The 6 Dimensions of Data Quality, Explained With Real Cases
When someone says "the data quality is bad," they're not saying much. Data can fail in very different ways: being incomplete, being wrong, contradicting itself, arriving late, having the wrong format, or being duplicated. Each of these failures is a different dimension of quality, requires a different measurement, and generates a different business impact. Understanding all six is the first step to building a data quality program that solves real problems.
Why Distinguishing the Dimensions Matters
A 94% overall quality rate can hide very different realities. A domain with 94% completeness and 100% accuracy has a manageable problem: there are empty fields that can be recovered. A domain with 100% completeness and 94% accuracy has a more serious problem: every field has a value, but one in sixteen values is wrong, and that's much harder to detect and fix.
The six data quality dimensions are the industry standard per DAMA-DMBOK and the implicit reference of AI Act Article 10 when it requires training data to be "relevant, representative, error-free, and complete to the extent possible." Each of those words points to a specific dimension.

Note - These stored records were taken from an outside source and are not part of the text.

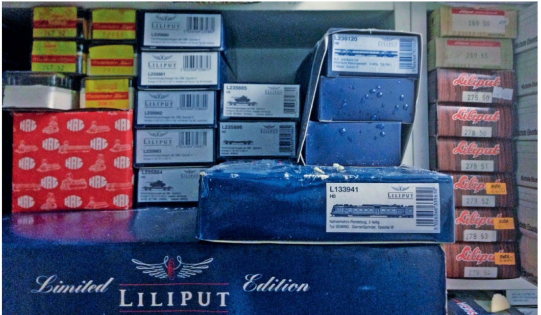
Die mit Wasser aufgesaugten Modellbahn-Verpackungen weisen beinahe alle Deformationen auf. Hier gilt es, mit entsprechender Vorsicht zu walten.
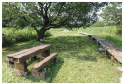
森林の中の起伏に富む野鳥の森散策路と 湿地の丸太敷きの鳥のみちが整備されている。
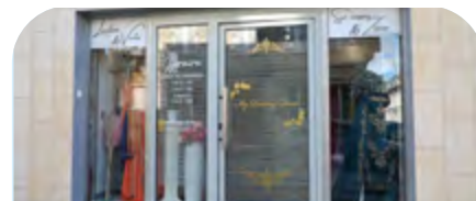
MY LUXURY DRESS Robes de cérémonies - 19 rue Albert Dugué 06 51 26 85 23
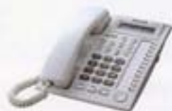
KX-T7730* 顯示型、免持聽筒對講話機

1. Completeness: The Most Visible and Most Ignored Problem
Completeness measures whether all required values are present. It's the easiest dimension to detect automatically — a null field is a null field — and, paradoxically, one of the most ignored in quality programs because it's seen as a minor problem.
Qué mide exactamente
There are three levels of completeness worth distinguishing. Field completeness measures what percentage of records have a value in a specific field. Record completeness measures what percentage of mandatory fields have a value in a given record. Entity completeness measures whether all expected records exist for an entity (for example, whether every product in the catalog has at least one associated price).
Casos reales de impacto
In an e-commerce system, 8% of order records have an empty shipping address field. The data is operationally correct during checkout because the address is pulled in real time from the customer's profile. But when that order is exported to the logistics system, which expects the address embedded in the record, 8% of orders fail silently. The problem wasn't data quality at the source: it was incompleteness in the integration format.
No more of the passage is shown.